▶ _TASK INSTRUCTIONS_:
Transcribe exactly the lines from the first line of the records through the line containing "bio (21,6 g)", and leave out every picture.

INPUT DATA: Begin

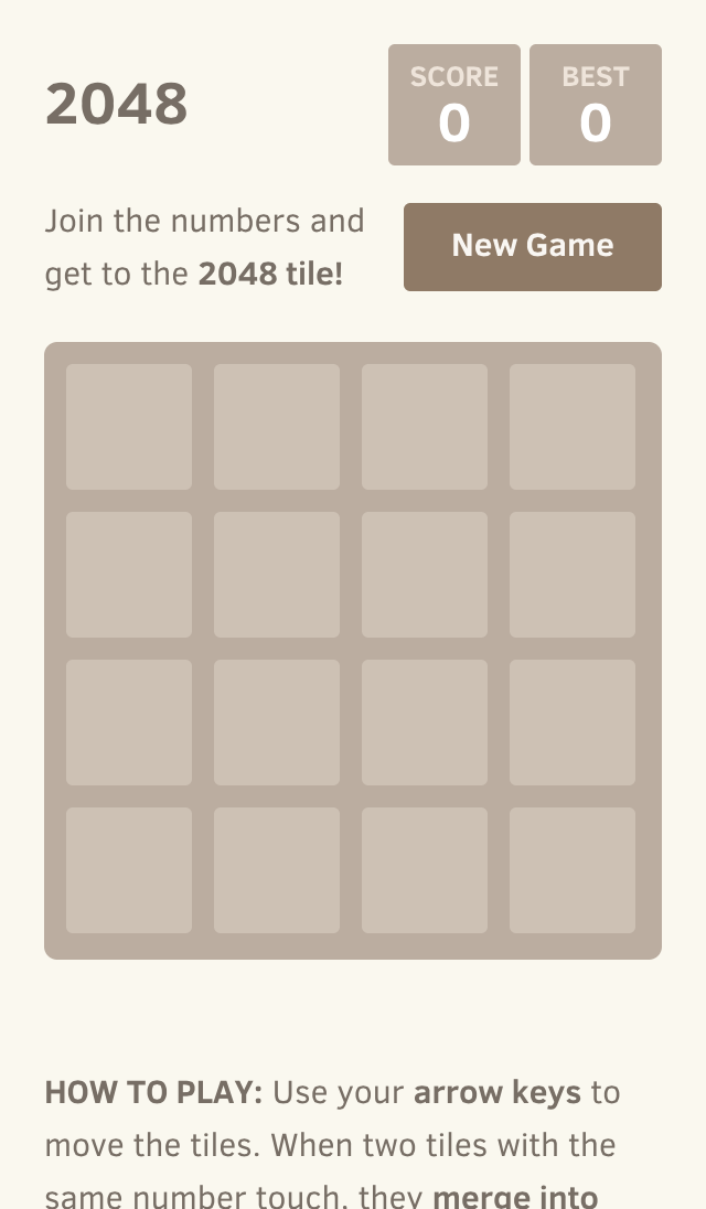 How to play: Use your arrow keys to move the tiles. When two tiles with the same size touch, they merge into one!
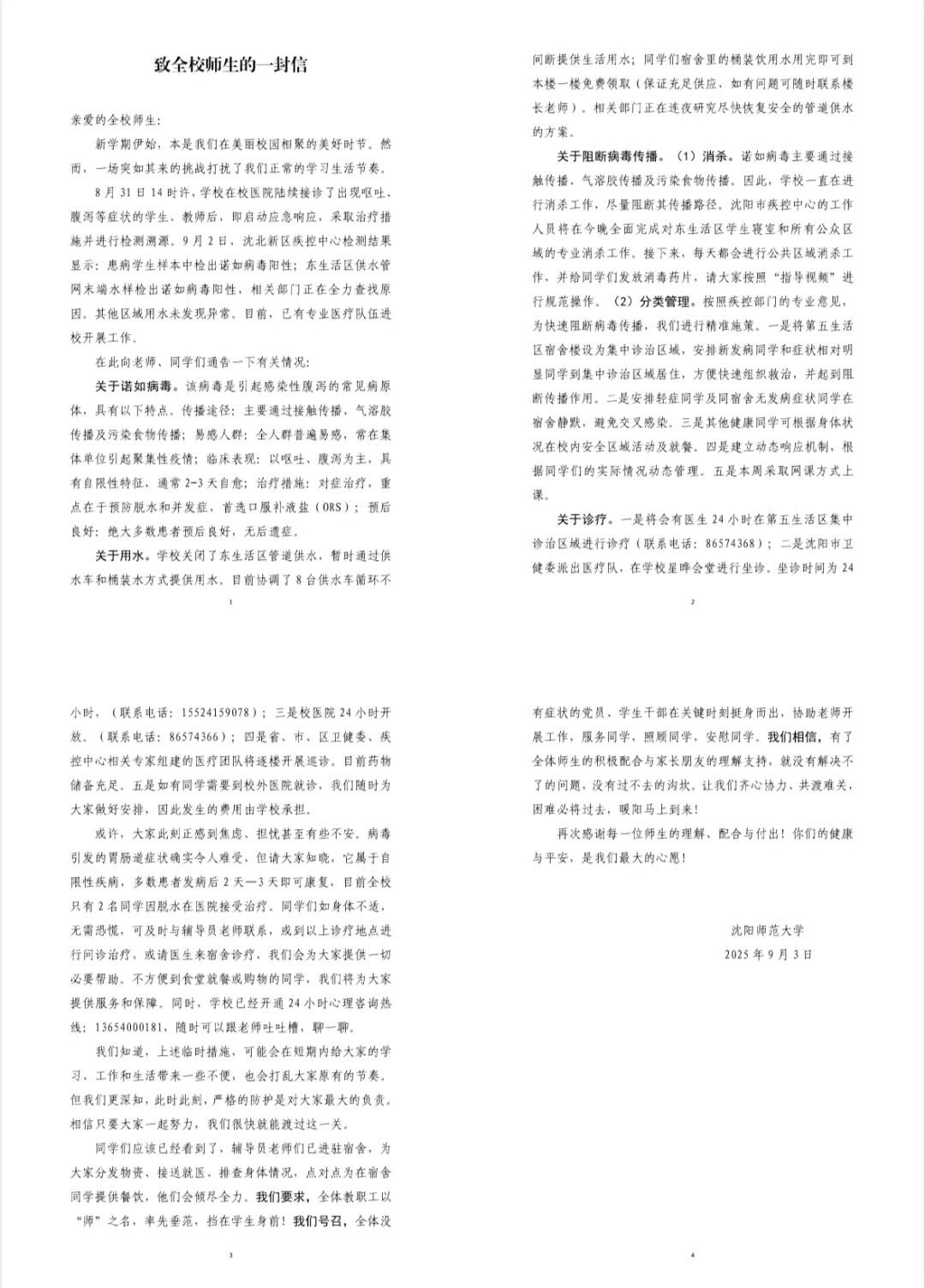 9月3日,沈陽師范大學(xué)發(fā)布的《致全校師生的一封信》(以下簡稱“《一封信》”)中稱,8月31日14時許,學(xué)校在校醫(yī)院陸續(xù)接診了出現(xiàn)嘔吐、腹瀉等癥狀的學(xué)生、教師。相關(guān)部門正在全力查找原因,目前已有專業(yè)醫(yī)療隊伍進校開展工作。
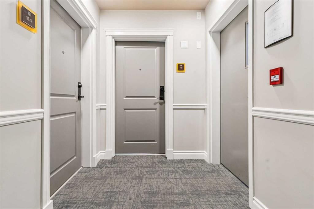 Step into this showcase worthy main floor corner unit offering almost 900 sq ft of bright, open concept living. Soaring 11 foot ceilings and floor-to-ceiling windows flood the space with natural light, creating an airy, upscale feel the moment you walk in. The modern white chef inspired kitchen features sleek quartz countertops, stainless steel appliances, and plenty of cabinetry perfect for cooking, hosting, or enjoying a quiet night in. The layout is ideal with two spacious bedrooms positioned on opposite sides of the unit for added privacy, along with two full bathrooms, including a stylish ensuite. Enjoy the convenience of in-suite laundry, durable mahogany-tone vinyl flooring, and the comfort of being on the main floor, no elevators needed. As a corner unit, you benefit from extra windows, enhanced privacy, and additional outdoor exposure. Located just steps from shopping, restaurants, transit, and daily amenities, this home blends modern style with unbeatable convenience. Perfect for first time buyers, downsizers, or investors.
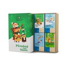 • Kazeta obsahuje čtyři druhy čaje: Světelný třpyt bio (27 g), Ježíškův nebeský čaj bio (27 g), Dobrá nálada bio (27 g), Nadechnutí v lese bio (21,6 g)
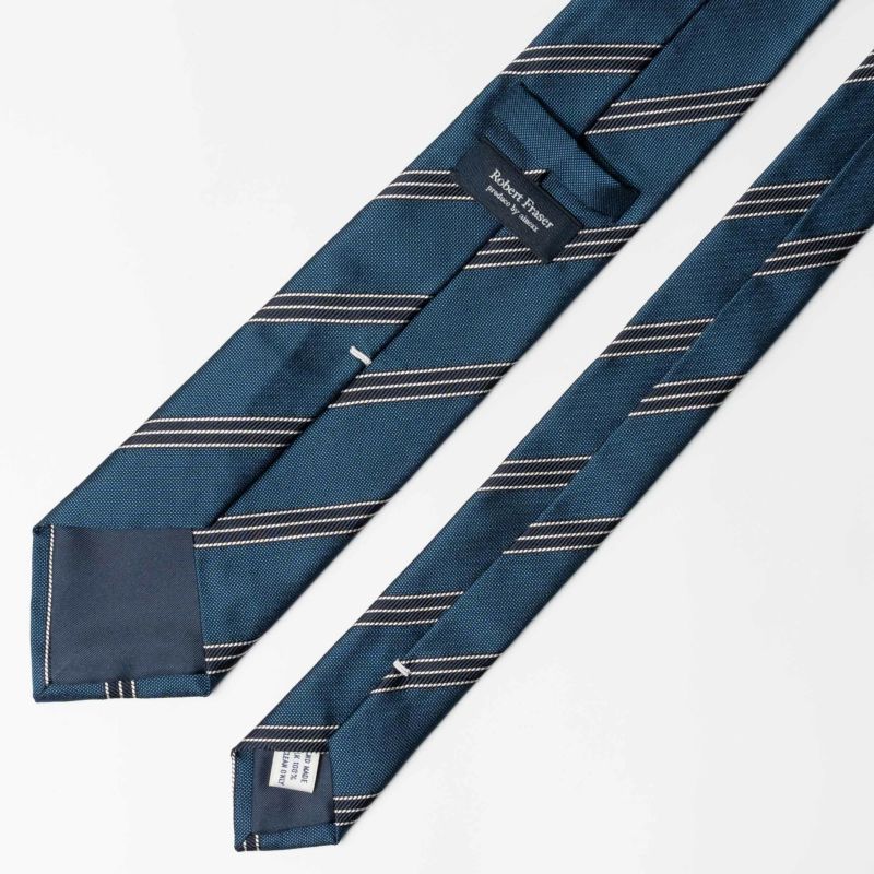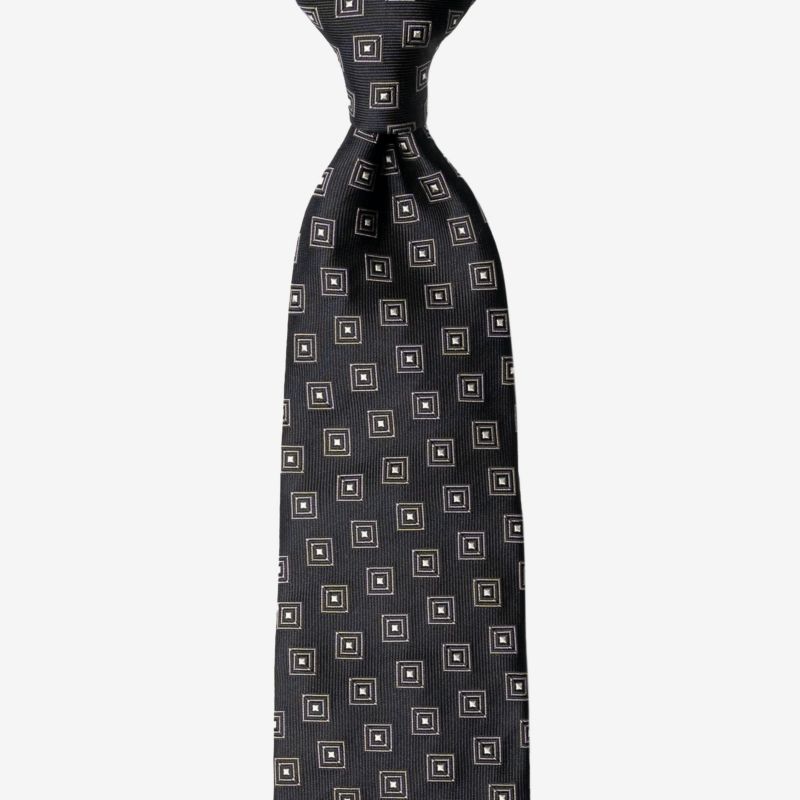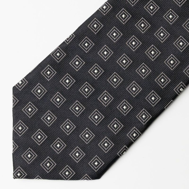 ネイビーをベースにした縦綾という地組織の上にモチーフを飛ばしているこちらのネクタイ。シンプルながら柄に大きな秘密が。中央の四角部分はホワイトながら、それを二重に囲んでいる四角部分にグレージュの糸を使うことで、よりモダンな表情を演出しています。

INPUT DATA: End

▶ _WRITTEN RESPONSE_:
 How to play: Use your arrow keys to move the tiles. When two tiles with the same size touch, they merge into one!
 9月3日,沈陽師范大學(xué)發(fā)布的《致全校師生的一封信》(以下簡稱“《一封信》”)中稱,8月31日14時許,學(xué)校在校醫(yī)院陸續(xù)接診了出現(xiàn)嘔吐、腹瀉等癥狀的學(xué)生、教師。相關(guān)部門正在全力查找原因,目前已有專業(yè)醫(yī)療隊伍進校開展工作。
 Step into this showcase worthy main floor corner unit offering almost 900 sq ft of bright, open concept living. Soaring 11 foot ceilings and floor-to-ceiling windows flood the space with natural light, creating an airy, upscale feel the moment you walk in. The modern white chef inspired kitchen features sleek quartz countertops, stainless steel appliances, and plenty of cabinetry perfect for cooking, hosting, or enjoying a quiet night in. The layout is ideal with two spacious bedrooms positioned on opposite sides of the unit for added privacy, along with two full bathrooms, including a stylish ensuite. Enjoy the convenience of in-suite laundry, durable mahogany-tone vinyl flooring, and the comfort of being on the main floor, no elevators needed. As a corner unit, you benefit from extra windows, enhanced privacy, and additional outdoor exposure. Located just steps from shopping, restaurants, transit, and daily amenities, this home blends modern style with unbeatable convenience. Perfect for first time buyers, downsizers, or investors.
 • Kazeta obsahuje čtyři druhy čaje: Světelný třpyt bio (27 g), Ježíškův nebeský čaj bio (27 g), Dobrá nálada bio (27 g), Nadechnutí v lese bio (21,6 g)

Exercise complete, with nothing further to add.